Ouane a déclaré aux journalistes que le dialogue offrait «une opportunité de lancer une vaste discussion avec les communautés pour définir les contours d’une nouvelle gouvernance», a-t-il déclaré, sans plus de détails.

Dans une référence à la France, Ouane a toutefois mis en garde: «Cela nécessitera une synchronisation et une coordination avec nos partenaires, en particulier ceux qui sont impliqués militairement.

Le gouvernement français s’est engagé en janvier à intensifier son engagement militaire au Sahel et a désigné le groupe État islamique comme son ennemi «numéro un» dans la région.

Le gouvernement de Keita, sous la pression interne pour résoudre le conflit, a déclaré peu de temps après qu’il était prêt à parler aux groupes affiliés à Al-Qaïda, qui sont en désaccord avec l’État islamique.

On ne sait pas dans quelle mesure le gouvernement de Keita a engagé des djihadistes liés à Al-Qaïda avant que l’armée ne le renverse en août.

‘Enraciné’

Jean-Hervé Jezequel, analyste au groupe de réflexion International Crisis Group (ICG), a expliqué que les djihadistes du Sahel sont «enracinés dans leurs communautés, qui leur sont parfois sympathiques».

Ils sont également de plus en plus impliqués dans les affaires locales, c’est pourquoi beaucoup «tentent d’explorer la voie du dialogue», a-t-il déclaré.

Des contacts informels entre le nouveau gouvernement de Bamako et des groupes djihadistes sont apparemment déjà en cours.

Ce mois-ci, le gouvernement a échangé quelque 200 détenus – dont beaucoup étaient considérés comme des djihadistes – contre quatre prisonniers détenus par des groupes islamistes, dont Sophie Petronin, 75 ans, la dernière otage française au monde.

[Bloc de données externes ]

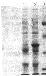 1:Non-inducedpWR450-1/JM109;2:pWR450-1/JM109inducedwithIPTG;3:Proteinmarker;

La visite de Le Drian intervient également à un moment où les dirigeants du monde semblent envisager la possibilité de pourparlers jihadistes.

Le secrétaire général de l’ONU, Antonio Guterres, a déclaré au quotidien français Le Monde en septembre: “il y aura des groupes avec lesquels nous pourrons parler et qui auront intérêt à engager un dialogue pour devenir des acteurs politiques à l’avenir”.

Des pans du Mali, vaste nation ouest-africaine de quelque 19 millions d’habitants, échappent au contrôle du gouvernement.

La France compte 5 100 soldats déployés dans la région du Sahel dans le cadre de son opération anti-jihadiste Barkhane.

L’ONU a déployé quelque 13 000 soldats au Mali dans le cadre de sa mission de maintien de la paix, connue sous le nom de MINUSMA.